Why Most People Groan At The Mention of Team Building Events 


Traditional team building events follow a predictable script: trust falls, icebreakers, and activities that make half your team internally groan. Yet despite the collective eye-rolling, Perth companies continue to search for the best versions of these experiences because they recognise something fundamental; teams that work well together drive better business outcomes.


But what if the problem isn't team building itself, but how we've been approaching it?


After facilitating countless team building events across Perth, I've discovered something fascinating: the most revealing moments of leadership potential don't emerge during carefully crafted leadership exercises. They surface when people are thrown into unpredictable, high-stakes scenarios where their natural instincts take over.


Traditional team building activities often reinforce existing workplace hierarchies. The confident extrovert dominates the trust exercise, the analytical thinker solves the puzzle, and the quiet team member stays quiet.

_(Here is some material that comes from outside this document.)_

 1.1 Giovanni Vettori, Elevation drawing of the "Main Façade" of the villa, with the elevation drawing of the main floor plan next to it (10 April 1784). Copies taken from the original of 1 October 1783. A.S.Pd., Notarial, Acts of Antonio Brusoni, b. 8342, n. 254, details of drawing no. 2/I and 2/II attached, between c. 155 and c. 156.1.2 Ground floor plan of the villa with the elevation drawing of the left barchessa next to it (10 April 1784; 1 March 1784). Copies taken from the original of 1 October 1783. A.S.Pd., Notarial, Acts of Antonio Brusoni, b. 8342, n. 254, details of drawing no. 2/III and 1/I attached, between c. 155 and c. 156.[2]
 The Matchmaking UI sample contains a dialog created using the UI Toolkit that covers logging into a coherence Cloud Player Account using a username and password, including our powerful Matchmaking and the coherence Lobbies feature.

Everyone plays their expected role, and genuine leadership potential remains hidden beneath layers of workplace conditioning.


Real leadership, the kind that emerges during crises, drives innovation, and builds psychological safety, reveals itself when people are placed in situations that disrupt their normal patterns. When status barriers dissolve and everyone starts from equal footing. When the stakes feel real, but the consequences are contained.

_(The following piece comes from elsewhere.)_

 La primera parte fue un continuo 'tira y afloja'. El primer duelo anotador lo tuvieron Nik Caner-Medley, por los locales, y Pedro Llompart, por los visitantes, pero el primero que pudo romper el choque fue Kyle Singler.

This is why social deduction games and murder mystery team building events have become our specialty at Folklore. Not because they're trendy or different, but because they create the precise psychological conditions where authentic leadership behaviors emerge. When your team is hunting a monster in a medieval village or unraveling conspiracies at a 1920s Hollywood party, something remarkable happens: people stop performing their job titles and start performing as themselves.


Group of smiling people holding reference sheets at a murder mystery team building event in front of a fantasy backdrop with a three-headed dragon. Warm colors and lively atmosphere.

Why Social Deduction Games Outperform Traditional Team Building


What are Folklore Murder Mystery Events?


Murder mystery team building events aren’t your grandmother's dinner party game with scripted characters and predetermined outcomes. Modern murder mystery events, particularly social deduction games like Folklore’s Monster Hunt and Hollywood Masquerade experiences, are sophisticated psychological environments designed to surface authentic team dynamics.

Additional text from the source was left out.